A bem da verdade, pode até ser que as ideias das gentes utópicas sejam mesmo impraticáveis, e que exijam do contexto algo que ele não pode dar, ou que estejam realmente fora do seu tempo. Mas também, a utopia não precisa ser mais do que isso. O papel da utopia, e consequentemente do sujeito utópico, não é se realizar. É apontar uma direção. As utopias e os utopistas existem para desenhar o futuro, para apontar um caminho, para projetar tudo o que nós poderíamos fazer se nós efetivamente quiséssemos fazer nos contextos de nossa existência.
Alguns dos sonhos mais utópicos da já imaginados se tornaram realidade ainda que de forma imperfeita e frequentemente superficial porque sucessivamente as pessoas acreditaram neles. Não fosse o sonho de uma saúde pública de acesso universal não haveria SUS, não fosse o sonho do fim da exploração do humano pelo humano não haveria direitos aos trabalhadores, não fosse o sonho da justiça não haveria lei, e dá para passar o resto do dia citando exemplos.
Todos nós somos utópicos em potencial. Talvez nossa existência fosse enriquecida se passássemos ao ato exercitando essa capacidade em nós com mais frequência. Você não tem a obrigação de ter um plano detalhado das suas boas ideias, ou de como implementar mudanças positivas (o que também é subjetivo, e não podemos nos esquecer) na vida das pessoas e no mundo que você habita. O fato de você pensar sobre isso, de comunicar sobre isso, de construir essas ideias com os demais já cumpre a função de inspirar. Talvez milhares de pequenas ações que se espelham nos grandes ideais que você nutre possam ser produzidas para benefício de todos. A utopia, então, já cumpriu o seu papel e como bem sinalizou Kerouac na citação que abre esta crônica, são àqueles que veem as coisas de forma diferente que empurram a humanidade para frente.
¹ Samba gravado pelo músico Dudu Nobre, de composição de Nei Lopes e Wilson Moreira.
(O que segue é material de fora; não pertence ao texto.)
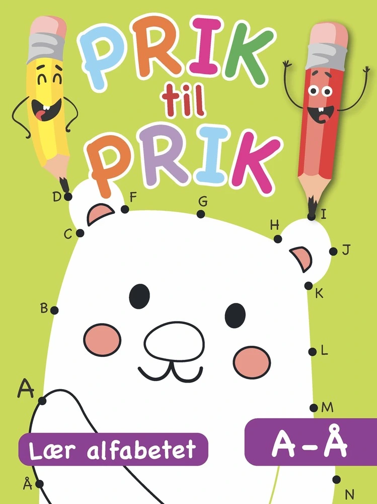Lær alfabetet på den sjove måde! I denne søde prik-til-prik-bog får barnet mulighed for at træne finmotorik og at lære alfabetet på en legende og kreativ måde. Tegn streger fra prik til prik ved at følge bogstaverne A til Å og se de søde dyr og flotte køretøjer dukke op, som bagefter kan farvelægges. Nederst på siderne står hele alfabetet som hjælp. NB: Se også bogen den anden bog i serien: Prik-til-prik: Lær tallene 1-10

² Refere-se a atacar o argumentador ao invés do argumento em si. (Note que "ad hominem" pode também referir-se a estratégia dialética de argumentar baseando-se nos compromissos do oponente. Esse tipo de ad hominem não é uma falácia.)
³ Em psicanálise, quando um sujeito reivindica que seu estado subjetivo seja reconhecido como dado objetivo pelos demais, temos um quadro de psicose.